Project Draft 1 - diliu, dperciva

From Cohen Courses
Jump to navigationJump to search

Project Team

Di Liu

Daniel Percival

Introduction

We have data from a mobile carrier from India. In the previous work, we explored topics related to anomaly detection in the phone call records. In this class project, We propose to explore two aspects of a large collection of SMS (text message) data. First, we are interested in methods to measure the reciprocity of the ties, taking into account both time and perhaps length of the text message. We expect that reciprocity plays an important part in the communication between people. This is different from the phone records where people can finish a question and reply process in a single phone call. Second, we will focus on abnormal behavior detection. For example, we would like to detect telemarketers, or uncommon relationships. If time permits, we also would like to consider the commonplace/difference of the SMS data from phone records. For example, if person i calls j often, does it indicate that i also texts j often?

We also have records of music downloading history for each phone number. We are also interested in examine the distribution in ringtone downloading as well.

The dataset is interesting for two reasons. First, the scale of the dataset is of interest to us. Second, phone call as a traditional communication methods reveals important personal relationships. And the phone records might provide us different information from internet interactions.
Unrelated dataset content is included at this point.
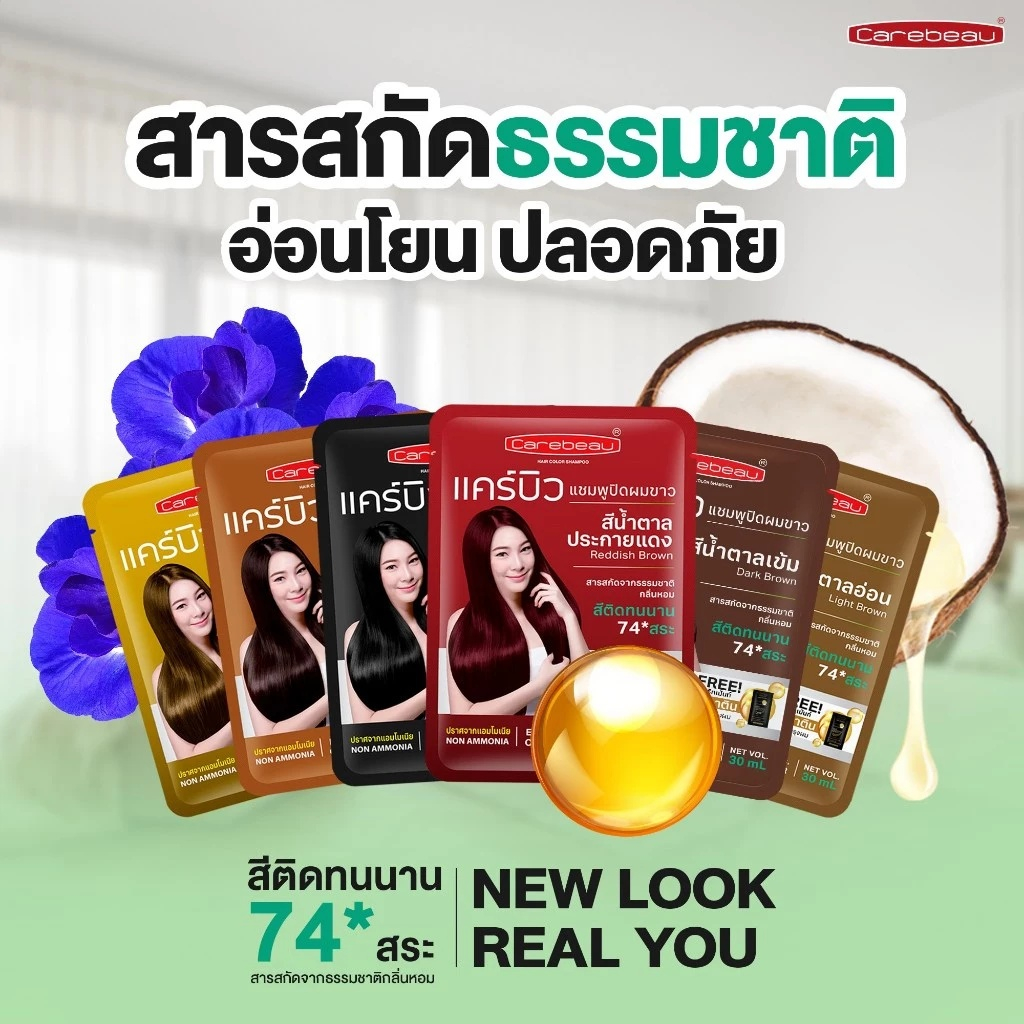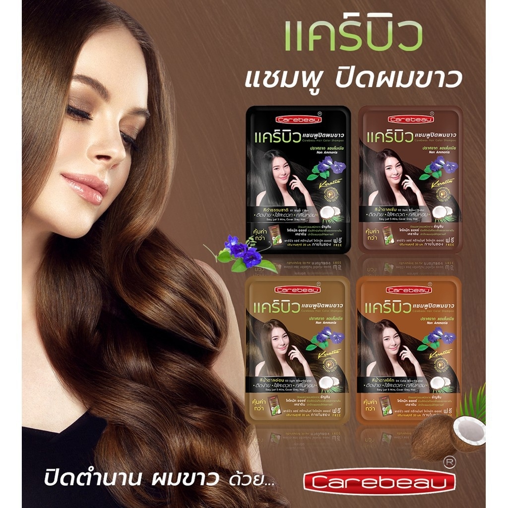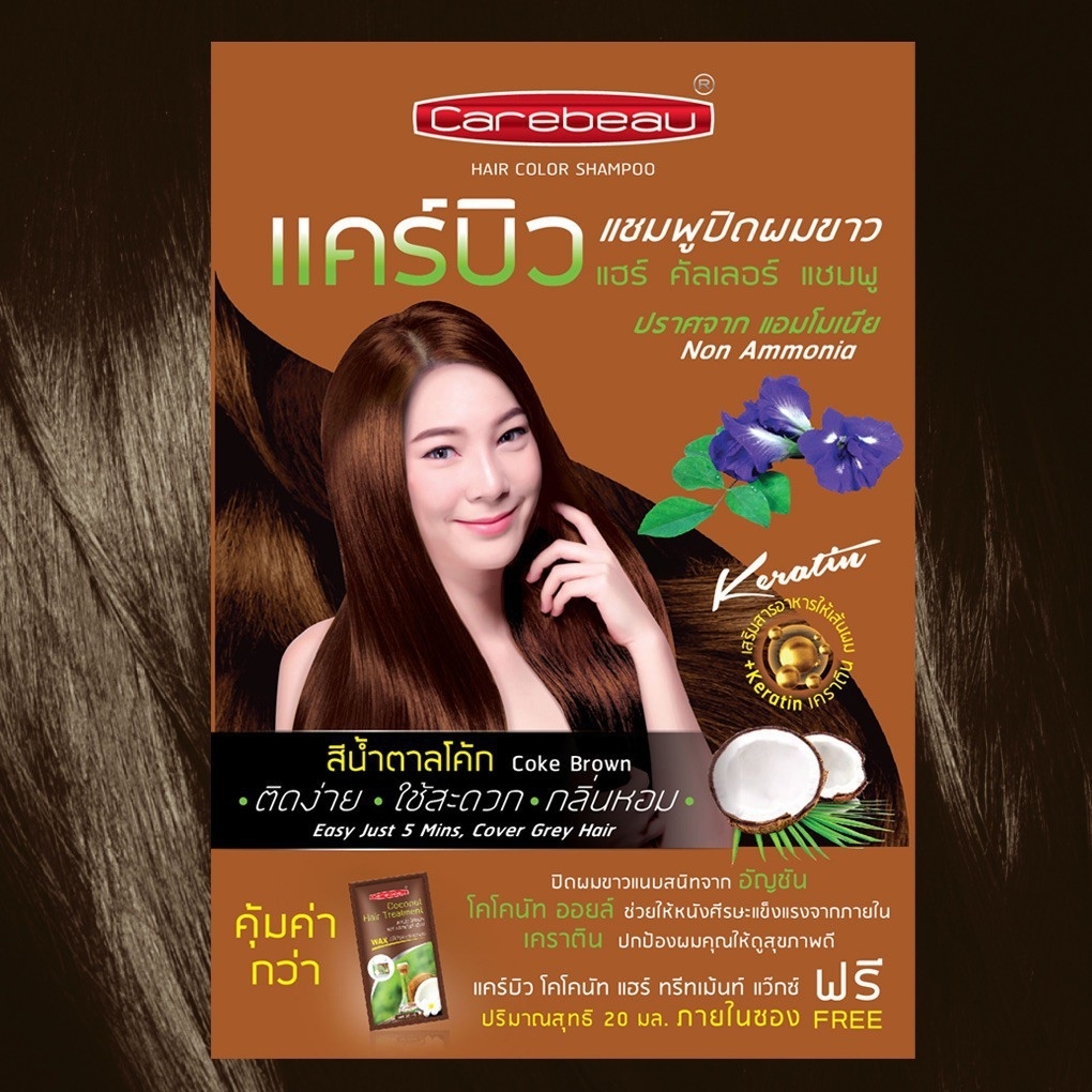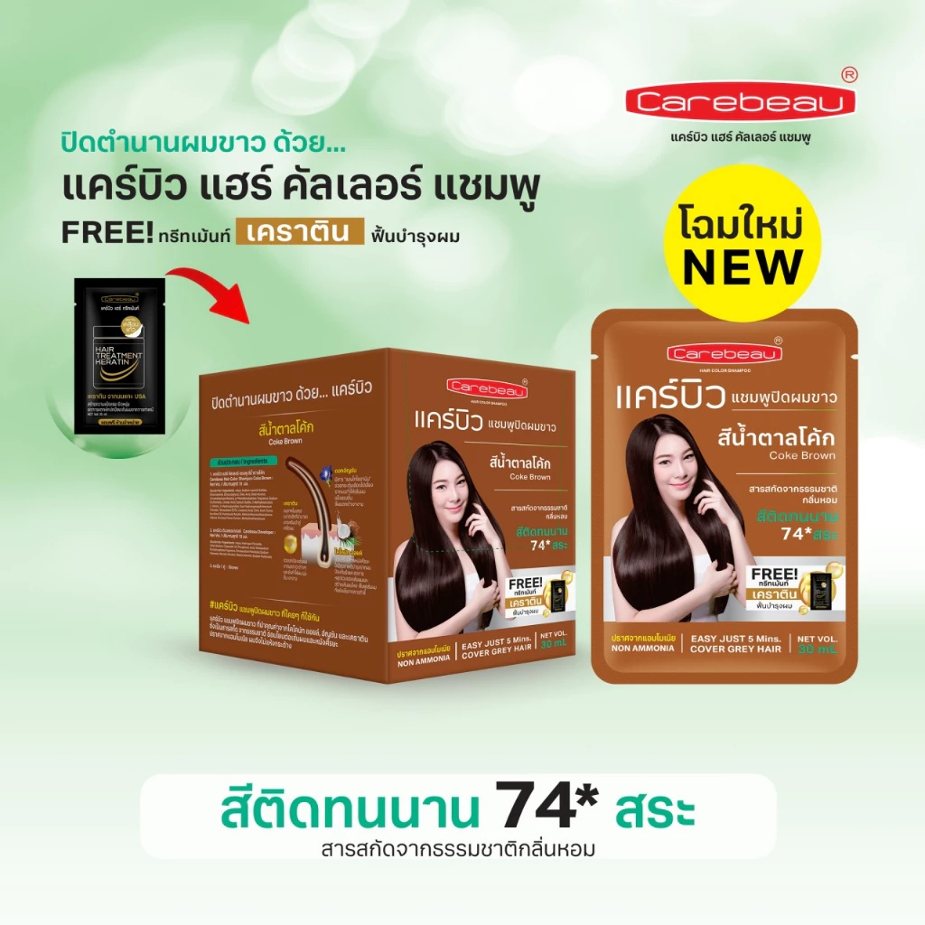 (กล่อง 12 ซอง) CAREBEAU (สีน้ำตาลโค้ก) แคร์บิว แฮร์ คัลเลอร์ แชมพูปิดผมขาว (30 ml.)
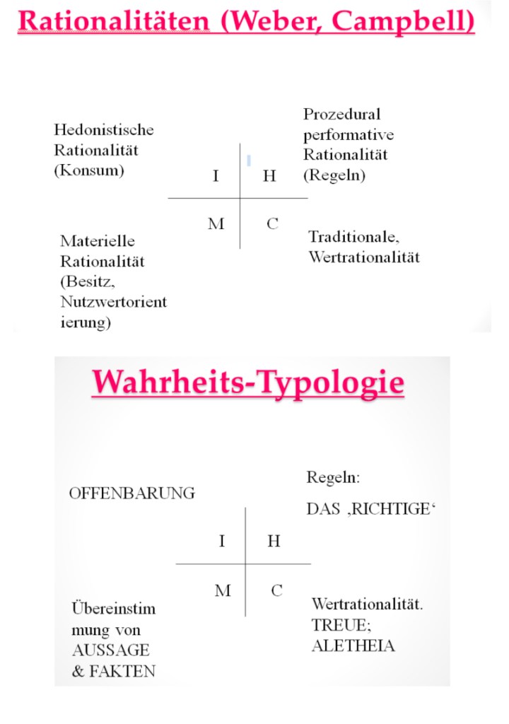 Um solche, sich daraus ergebende Unterschiede in Handlungsweisen und Verhalten an einem Beispiel anschaulich zu machen, möchte ich auf einen in unseren Gesellschaften[39] wiederkehrenden Disput[40] hinweisen. Vertreter der sogenannten freien Marktwirtschaft kritisieren gerne das Verhalten staatlicher Bürokratien wegen unökonomischer Verhaltensweisen und betrachten sie daher als unvernünftig. Sie fordern dann aufgrund ihrer eigenen Rationalität z.B. die Privatisierung staatlicher Unternehmen. Umgekehrt kritisieren die Vertreter staatlicher Bürokratien häufig jene wegen ihrer schwer zu überprüfenden Vorgehensweisen als unvernünftig. Bürokratien legen auf die Nachvollziehbarkeit von Prozessen großen Wert, und das kann aufwendig und ›unökonomisch‹ sein. Daher herrscht in staatlichen Bürokratien[41] eine andere Rationalität als in Unternehmen, die Kosten minimieren und Gewinne maximieren wollen. Dieser letztgenannte Typ von Rationalität wird mit Max Weber als ›substantielle‹ oder ›materielle Rationalität‹ bezeichnet. Jenen Typ, der von Bürokratien präferiert wird, bezeichnet man dann als ›performative Rationalität‹. Wie aus untenstehenden Diagrammen ersichtlich ist, pflegen alle vier Typen von Kultur unterschiedliche Rationalitäten und kommen so zwangsläufig zu unterschiedlichen Wahrheiten. Die Darstellung macht zugleich auch deutlich, warum es zwischen den Vertretern unterschiedlicher Kulturen zwangsläufig zu Un- und Missverständnissen kommen muss.

These data consist of both phone call and SMS records have been used previously in several studies, mostly focused on the phone records.

Dataset

The dataset was collected by an anonymous mobile phone operator in the 6 month period between December 1, 2007 and May 31, 2008. The data include text messages to and from users within the network. For each text message, we have information about the sender, the recipient, and the timestamp of the message. We also have the length, in characters of the message -- the full text is not available for privacy reasons. The dataset consists text message records between 4,545,744 distinct phone numbers. At least one party of each message is within the network of the mobile carrier. That is, the data contain customers outside the network. Due to privacy and confidentiality concerns, these data are not publicly available; we have access to these data through iLab, Heinz school.

Related Work

  • On this data:
    • Nanavati et al. (2006) -- Some exploratory data analysis (power laws, degree distributions...) ; Graph structure for the phone call networks
    • Seshadri et al. (2008) --Other models besides power laws for the phone call distributions
    • De Melo et al. (2010) -- Looked at the duration of phone calls; Group behavior models
    • Leman Akoglu et al.(2010) -- structure properties in the call/SMS data; egeinvalue decomposition method for change-point detection.
    • Jure Leskovec et al(2006) -- observe the propagation of recommendations and the cascade sizes, explained by a simple stochastic model.
  • On reciprocity:
    • Zhang, Dantu, and Cangussu (2009) -- some reciprocity measures that include time (using phone call data as well)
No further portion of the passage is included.